Si vous étiez l’empereur des admissions à l’université, comment pourriez-vous changer cela?

Une chose que je dis vers la fin du livre: plus de transparence. Voici une possibilité que je propose: un centre d’échange national créé par des collèges ou une autre entité, comme le ministère américain de l’Éducation. Les adolescents téléchargeraient des échantillons de leur travail dès leur première année de lycée, ainsi que des informations biographiques de base.

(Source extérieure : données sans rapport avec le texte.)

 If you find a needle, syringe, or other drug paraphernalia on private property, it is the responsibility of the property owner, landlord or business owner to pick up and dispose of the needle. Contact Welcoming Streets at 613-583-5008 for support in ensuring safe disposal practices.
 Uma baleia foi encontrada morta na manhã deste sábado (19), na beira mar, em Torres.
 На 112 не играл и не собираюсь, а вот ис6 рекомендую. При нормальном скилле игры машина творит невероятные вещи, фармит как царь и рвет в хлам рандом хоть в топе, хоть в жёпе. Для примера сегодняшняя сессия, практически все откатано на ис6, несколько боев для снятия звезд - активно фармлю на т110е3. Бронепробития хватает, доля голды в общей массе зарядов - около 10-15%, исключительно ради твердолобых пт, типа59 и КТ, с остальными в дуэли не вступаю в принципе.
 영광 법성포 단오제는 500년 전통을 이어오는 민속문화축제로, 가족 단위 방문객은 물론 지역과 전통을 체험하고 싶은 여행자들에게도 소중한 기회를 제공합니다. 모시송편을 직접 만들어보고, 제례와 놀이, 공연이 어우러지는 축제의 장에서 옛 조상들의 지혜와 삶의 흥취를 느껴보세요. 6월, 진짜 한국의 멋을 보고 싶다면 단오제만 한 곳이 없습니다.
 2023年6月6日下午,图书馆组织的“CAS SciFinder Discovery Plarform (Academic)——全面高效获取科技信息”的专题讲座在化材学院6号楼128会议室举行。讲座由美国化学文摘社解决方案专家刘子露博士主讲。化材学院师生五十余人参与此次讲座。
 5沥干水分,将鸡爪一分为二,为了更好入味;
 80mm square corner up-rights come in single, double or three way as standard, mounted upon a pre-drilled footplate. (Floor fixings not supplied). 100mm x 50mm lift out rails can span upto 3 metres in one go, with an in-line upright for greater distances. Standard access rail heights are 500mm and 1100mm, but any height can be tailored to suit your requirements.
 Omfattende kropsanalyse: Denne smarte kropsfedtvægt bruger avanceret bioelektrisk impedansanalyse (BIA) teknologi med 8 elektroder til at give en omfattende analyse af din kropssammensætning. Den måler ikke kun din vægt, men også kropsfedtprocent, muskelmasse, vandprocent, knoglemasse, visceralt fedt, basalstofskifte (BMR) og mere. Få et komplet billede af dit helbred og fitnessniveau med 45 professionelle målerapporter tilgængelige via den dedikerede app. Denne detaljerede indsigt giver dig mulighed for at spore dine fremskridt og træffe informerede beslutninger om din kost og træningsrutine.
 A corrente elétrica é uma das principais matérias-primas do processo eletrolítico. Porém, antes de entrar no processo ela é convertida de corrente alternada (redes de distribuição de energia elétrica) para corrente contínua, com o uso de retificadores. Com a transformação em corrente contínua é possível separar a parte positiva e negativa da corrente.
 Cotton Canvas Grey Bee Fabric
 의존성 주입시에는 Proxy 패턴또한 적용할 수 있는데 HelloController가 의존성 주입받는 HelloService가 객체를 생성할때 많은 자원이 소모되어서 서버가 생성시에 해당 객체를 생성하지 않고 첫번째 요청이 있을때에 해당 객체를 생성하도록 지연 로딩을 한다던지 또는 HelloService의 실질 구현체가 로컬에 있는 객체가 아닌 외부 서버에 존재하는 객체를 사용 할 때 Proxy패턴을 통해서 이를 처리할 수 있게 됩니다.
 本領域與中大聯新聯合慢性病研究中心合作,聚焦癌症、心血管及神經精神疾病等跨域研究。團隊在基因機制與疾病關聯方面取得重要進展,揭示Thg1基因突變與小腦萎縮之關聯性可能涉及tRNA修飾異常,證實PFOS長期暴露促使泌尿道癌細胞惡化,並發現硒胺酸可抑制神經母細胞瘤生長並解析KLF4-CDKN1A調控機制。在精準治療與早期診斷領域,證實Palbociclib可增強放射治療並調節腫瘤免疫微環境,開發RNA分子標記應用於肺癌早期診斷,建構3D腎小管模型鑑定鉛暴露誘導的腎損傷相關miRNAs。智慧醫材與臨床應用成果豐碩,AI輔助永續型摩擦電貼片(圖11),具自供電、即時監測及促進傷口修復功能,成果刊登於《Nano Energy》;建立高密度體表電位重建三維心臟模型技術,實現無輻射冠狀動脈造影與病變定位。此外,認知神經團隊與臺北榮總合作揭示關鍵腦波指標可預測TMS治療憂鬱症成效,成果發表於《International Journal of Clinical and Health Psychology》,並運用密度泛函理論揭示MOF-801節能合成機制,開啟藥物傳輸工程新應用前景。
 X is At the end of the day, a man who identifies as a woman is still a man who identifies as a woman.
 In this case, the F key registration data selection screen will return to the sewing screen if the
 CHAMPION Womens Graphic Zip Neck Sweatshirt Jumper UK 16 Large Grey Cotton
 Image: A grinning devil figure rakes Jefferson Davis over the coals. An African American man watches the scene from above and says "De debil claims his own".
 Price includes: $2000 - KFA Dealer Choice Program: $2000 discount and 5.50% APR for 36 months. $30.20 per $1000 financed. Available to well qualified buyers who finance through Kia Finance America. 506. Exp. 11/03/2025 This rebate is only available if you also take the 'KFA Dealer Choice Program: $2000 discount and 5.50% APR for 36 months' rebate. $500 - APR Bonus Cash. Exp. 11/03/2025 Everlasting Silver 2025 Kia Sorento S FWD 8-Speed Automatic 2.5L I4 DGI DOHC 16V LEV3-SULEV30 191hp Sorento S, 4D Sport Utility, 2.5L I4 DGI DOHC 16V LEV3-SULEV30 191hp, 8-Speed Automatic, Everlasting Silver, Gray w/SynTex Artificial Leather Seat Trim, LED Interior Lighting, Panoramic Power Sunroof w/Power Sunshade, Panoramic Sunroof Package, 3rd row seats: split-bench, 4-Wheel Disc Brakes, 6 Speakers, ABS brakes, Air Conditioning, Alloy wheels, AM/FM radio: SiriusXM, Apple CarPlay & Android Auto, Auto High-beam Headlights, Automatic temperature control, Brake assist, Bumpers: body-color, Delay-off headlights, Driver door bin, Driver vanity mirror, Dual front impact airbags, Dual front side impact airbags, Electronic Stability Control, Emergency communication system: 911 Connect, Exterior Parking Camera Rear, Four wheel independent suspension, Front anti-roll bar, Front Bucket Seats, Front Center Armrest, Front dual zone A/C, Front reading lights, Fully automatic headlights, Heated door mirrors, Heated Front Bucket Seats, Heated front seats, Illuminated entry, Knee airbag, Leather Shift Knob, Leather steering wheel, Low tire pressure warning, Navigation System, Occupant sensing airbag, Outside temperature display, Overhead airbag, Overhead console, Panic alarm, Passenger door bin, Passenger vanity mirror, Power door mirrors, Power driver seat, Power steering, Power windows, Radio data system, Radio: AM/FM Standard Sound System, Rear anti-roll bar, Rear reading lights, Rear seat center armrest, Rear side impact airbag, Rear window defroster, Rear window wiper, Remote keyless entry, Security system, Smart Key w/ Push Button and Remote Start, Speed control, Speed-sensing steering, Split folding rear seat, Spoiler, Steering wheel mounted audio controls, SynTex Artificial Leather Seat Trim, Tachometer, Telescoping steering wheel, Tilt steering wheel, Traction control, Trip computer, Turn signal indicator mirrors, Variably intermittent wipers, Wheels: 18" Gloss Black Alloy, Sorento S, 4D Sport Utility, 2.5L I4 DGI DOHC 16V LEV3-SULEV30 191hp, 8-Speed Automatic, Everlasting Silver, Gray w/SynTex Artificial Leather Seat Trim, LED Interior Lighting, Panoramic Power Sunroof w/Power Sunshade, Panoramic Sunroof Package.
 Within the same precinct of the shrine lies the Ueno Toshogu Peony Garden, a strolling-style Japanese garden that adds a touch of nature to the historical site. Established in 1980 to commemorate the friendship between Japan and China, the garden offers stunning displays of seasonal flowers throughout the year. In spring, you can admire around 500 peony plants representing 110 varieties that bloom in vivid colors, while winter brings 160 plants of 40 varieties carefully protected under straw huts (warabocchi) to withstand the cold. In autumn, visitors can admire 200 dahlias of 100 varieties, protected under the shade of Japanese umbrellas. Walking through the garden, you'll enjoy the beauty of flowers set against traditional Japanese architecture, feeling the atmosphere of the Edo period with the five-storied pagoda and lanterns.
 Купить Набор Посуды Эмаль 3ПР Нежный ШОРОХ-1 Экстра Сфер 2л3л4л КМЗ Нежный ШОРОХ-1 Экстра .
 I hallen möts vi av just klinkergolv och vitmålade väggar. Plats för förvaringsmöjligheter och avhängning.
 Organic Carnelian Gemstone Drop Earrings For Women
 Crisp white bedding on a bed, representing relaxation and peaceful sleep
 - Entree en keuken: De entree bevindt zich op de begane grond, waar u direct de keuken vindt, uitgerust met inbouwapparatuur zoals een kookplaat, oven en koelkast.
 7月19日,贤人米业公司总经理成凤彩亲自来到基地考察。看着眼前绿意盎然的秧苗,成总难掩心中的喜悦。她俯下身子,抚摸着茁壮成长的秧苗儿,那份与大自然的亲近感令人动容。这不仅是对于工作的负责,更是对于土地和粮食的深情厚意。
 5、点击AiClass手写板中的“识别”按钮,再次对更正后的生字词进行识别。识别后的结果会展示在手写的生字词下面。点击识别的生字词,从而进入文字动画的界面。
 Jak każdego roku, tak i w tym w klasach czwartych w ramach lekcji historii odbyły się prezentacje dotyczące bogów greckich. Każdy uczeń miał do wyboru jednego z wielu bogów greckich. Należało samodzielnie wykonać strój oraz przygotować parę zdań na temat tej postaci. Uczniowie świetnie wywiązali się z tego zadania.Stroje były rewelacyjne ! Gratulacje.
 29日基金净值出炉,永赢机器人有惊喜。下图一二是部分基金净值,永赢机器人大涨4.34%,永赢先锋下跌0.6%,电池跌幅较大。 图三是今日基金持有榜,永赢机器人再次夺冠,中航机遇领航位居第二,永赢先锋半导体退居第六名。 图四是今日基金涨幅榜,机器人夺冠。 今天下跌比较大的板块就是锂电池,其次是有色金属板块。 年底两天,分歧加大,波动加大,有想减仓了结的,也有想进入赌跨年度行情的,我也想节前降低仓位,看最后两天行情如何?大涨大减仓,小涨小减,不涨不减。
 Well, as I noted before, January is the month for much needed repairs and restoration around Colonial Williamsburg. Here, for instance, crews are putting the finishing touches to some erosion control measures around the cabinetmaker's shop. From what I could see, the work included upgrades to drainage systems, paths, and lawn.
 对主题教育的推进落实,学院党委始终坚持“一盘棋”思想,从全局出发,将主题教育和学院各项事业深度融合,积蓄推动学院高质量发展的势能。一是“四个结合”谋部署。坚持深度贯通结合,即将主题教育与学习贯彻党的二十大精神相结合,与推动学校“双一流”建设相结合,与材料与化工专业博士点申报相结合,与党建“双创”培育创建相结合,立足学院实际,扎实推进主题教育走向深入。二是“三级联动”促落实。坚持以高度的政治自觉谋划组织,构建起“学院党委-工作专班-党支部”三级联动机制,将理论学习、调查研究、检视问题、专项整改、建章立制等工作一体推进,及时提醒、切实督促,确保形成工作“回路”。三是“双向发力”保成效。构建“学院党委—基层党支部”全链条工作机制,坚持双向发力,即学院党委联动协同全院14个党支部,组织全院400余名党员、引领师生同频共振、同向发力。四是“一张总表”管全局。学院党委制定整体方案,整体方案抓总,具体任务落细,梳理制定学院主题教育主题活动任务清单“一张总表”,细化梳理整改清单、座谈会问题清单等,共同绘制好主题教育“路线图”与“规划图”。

À tout moment, les étudiants pouvaient choisir de rendre leur dossier de lycée accessible aux bureaux d’admission.

Au fil du temps, une telle base de données pourrait rendre l’idée même d’une application dénuée de sens. Plutôt que d’attendre l’arrivée des candidatures, les collèges pourraient fouiller dans le centre d’échange des étudiants en utilisant des paramètres spécifiques, tout comme ils le font lorsqu’ils achètent des noms au College Board à des fins de marketing.

Mais pour égaliser les règles du jeu dans les admissions et apporter plus de transparence au processus de la chambre de compensation, les deux parties à la transaction doivent voir ce que fait l’autre. Les collèges devraient divulguer ce qu’ils recherchent. De cette façon, les étudiants et leurs familles peuvent voir si un collège spécifique qu’ils envisagent, par exemple, recherche des étudiants du sud de la Californie, ou de cinq codes postaux spécifiques en Floride, ou des étudiants qui souhaitent se spécialiser en histoire, ou pour ceux-là. intéressé par les collèges catholiques. Dans le même temps, les étudiants doivent répertorier les autres collèges sur leur liste de recherche et les endroits où ils postulent éventuellement. Dans cette configuration idéale, les collèges pourraient même divulguer ce qu’ils facturent réellement aux étudiants avec divers revenus familiaux et diplômes, et les familles pourraient énumérer ce qu’elles sont prêtes à payer.